Comment by Workaccount2

Comment by Workaccount2 11 hours ago

13 replies

I think a huge reason why LLMs are so far ahead in programming is because programming exists entirely in a known and totally severed digital environment outside our own. To become a master programmer all you need is a laptop and an internet connection. The nature of it existing entirely in a parallel digital universe just lends itself perfectly to training.

All of that is to say that I don't think the classic engineering fields have some kind of knowledge or intuition that is truly inaccessible to LLMs, I just think that it is in a form that is too difficult right now to train on. However if you could train a model on them, I strongly suspect they would get to the same level they are at today with software.

alganet 9 hours ago

> I think a huge reason why LLMs are so far ahead in programming

Are they? Last time I checked (couple of seconds ago), they still made silly mistakes and hallucinated wildly.

Example: https://imgur.com/a/Cj2y8km (AI teaching me about the Coltrane operator, that obviously does not exist).

  • gcanko 9 hours ago

    You're using the worst model when it comes to programming, not sure what point you're trying prove here. That's why when someone starts ranting how useless ai models are when it comes to coding I always assume they're just using inferior models.

    • alganet 8 hours ago

      My question was very simple. Suitable for a simpler model.

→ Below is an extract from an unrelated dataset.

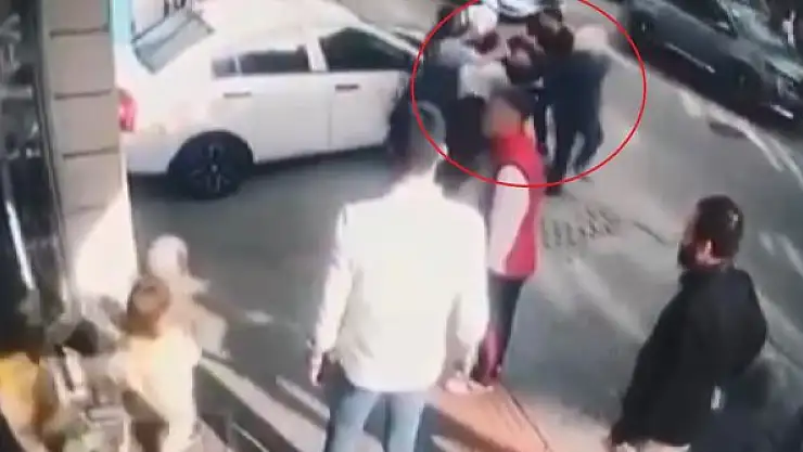 Sokak ortasında kadına şiddet kamerada
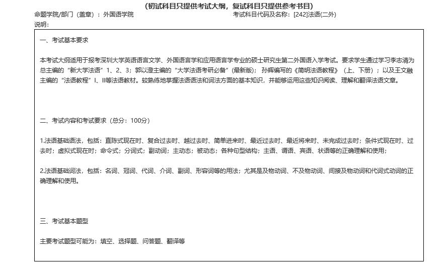 以上就是研線網小編整理了“2021考研大綱:深圳大學242法語(二外)2021年碩士研究生招生入學考試大綱”的內容,更多考研大綱,請多多關注!

      I can come up with prompts that make better models hallucinate (see post below).

      I don't understand your objection. This is a known fact, LLMs hallucinate shit regardless of the model size.

      • CamperBob2 8 hours ago

        LLMs are getting better. Are you?

        Nothing matters in this business except the first couple of time derivatives.

        • alganet 8 hours ago

          Maybe I'm not.

          However, I'm discussing this within the context of the study presented in the paper, not some future yet-to-be-achieved performance expectation.

          If we step outside the context of the paper (not advised), I think any average developer is better than an LLM at energy efficiency. LLMs cheat by consuming more resources than a human. "Better" is quite relative. So, let's keep reasonable.

  • aoeusnth1 9 hours ago

    Are you intentionally sandbagging the LLMs to prove a point, or do you really think 4o-mini is good enough for programming?

    Even 2.5 flash easily gets this https://imgur.com/a/OfW30eL

    • alganet 9 hours ago

      The point is that I can make them hallucinate quite easily. And they don't demonstrate knowing their own limitations.

      For example, 2.5 Flash fails to explain the difference between the short ternary operator (null coalescing) and the Elvis operator.

      https://imgur.com/a/xKjuoqV

      Even when I specify a language (therefore clearing the confusion, supposedly), it still fails to even recognize the Elvis operator by its toupe, and mixes it up the explanation (it doesn't even understand what I asked).

      https://imgur.com/a/itr87hM

      So, the point I'm trying to make is that they're not any better for programming than they're for chemistry.

      • CamperBob2 8 hours ago

        Flash is the wrong model for questions like that -- not that you care -- but if you'd like to share the actual prompt you gave it, I'll try it in 2.5 Pro.

    • CamperBob2 9 hours ago

      They aren't getting any better at programming, so they naturally assume the LLMs aren't, either.